We then gave it another shot with a VPS that had 5,000 IOPs. It took 8 days to get to block 4,300,000. The further you progress along the blockchain, the harder the blocks become to verify due to the increased transaction volume. For example, we noted that it took over 4 minutes to verify this block (and many others) while the machine was pegged at a constant disk read of 50 MB/S and write of 50 MB/S. As of December 2017, the Ethereum network has become even more popular and our production Parity nodes sometimes struggle to stay synced with the tip of the chain due to the high disk I/O. One possible “solution” to this would be for us to switch to using ephemeral storage on AWS. This is a directly attached SSD that isn’t metered or throttled. The drawback is that it’s not guaranteed to be durable. Doing a “stop/start” on the instance will wipe out the data. Also, if the underlying drive fails, the data will be lost since it isn’t mirrored.

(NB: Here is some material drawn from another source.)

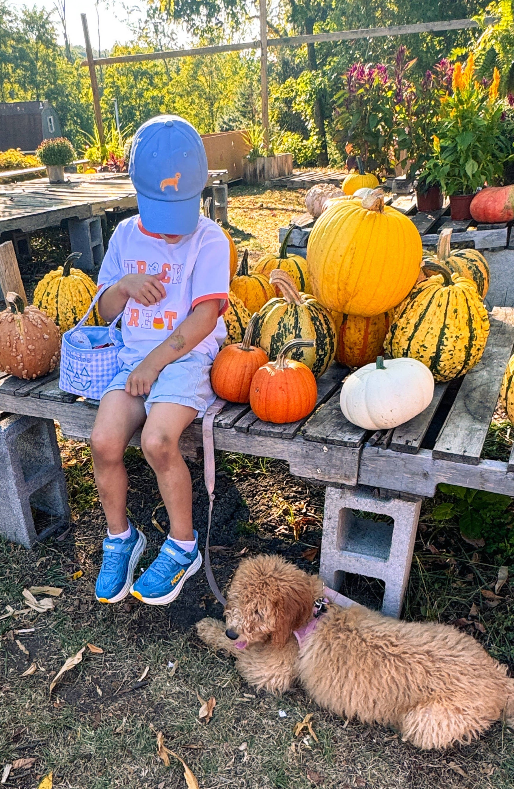 A playfully polished blue baseball hat with golden retriever dog embroidery and blue seersucker tuckstrap.

At time of writing the chatter I’m hearing amongst other enterprise Ethereum-based services is that both geth and parity are suffering from performance issues due to the explosion of popularity of the network. Hopefully the next releases of popular Ethereum node software will be focused on performance improvements.
BitGo’s MultiSig Contract
Unlike Bitcoin and many other crypto assets, Ethereum does not have native multisignature functionality for securing funds. BitGo’s business model requires that all crypto assets be secured in a 2-of-3 multisig wallet so that BitGo can act as an oracle / cosigner on transactions to enforce security policies. As a result, we had to implement multisig with a smart contract. You can check it out here:
eth-multisig-v2 - Multi-Sig Wallet v2, supporting original Wallet.sol methods with additional confirmAndExecute…github.com
Writing a smart contract to secure crypto assets is pretty dangerous; it’s not far from “rolling your own crypto” which is one of the fundamental things to avoid in this industry. Smart contract security is a whole other can of worms; BitGo is dedicating a future blog post to covering the security issues we encountered and steps we took to resolve them.
Smart Contract Complexities
When parsing events emitted by smart contracts it can be tricky to determine just where the money came from. In UTXO-based systems such as Bitcoin, all you have to do is look at the transaction inputs. In account-based systems, on a standard transaction you can just look at the “from” account. However, when the value is being sent via smart contracts it becomes much more complicated. BitGo’s multi-sig contract also has “forwarding address” functionality that adds more complexity to this logic.
Our first approach was to use EthereumJ to load our contract ABI and parse transaction receipts with it. It seemed to work well for parsing addresses out of the event log data, but it would consistently mangle the numeric values (which it parsed as Java BigIntegers.) After many frustrating hours of experimenting and trying to get help on the EthereumJ gitter, we ended up once again ditching EthereumJ and ended up doing manual parsing of the byte arrays from our contract transaction event logs. It feels rather hacky to say “get the Nth 32 byte chunk of data out of this byte array” but at least it works.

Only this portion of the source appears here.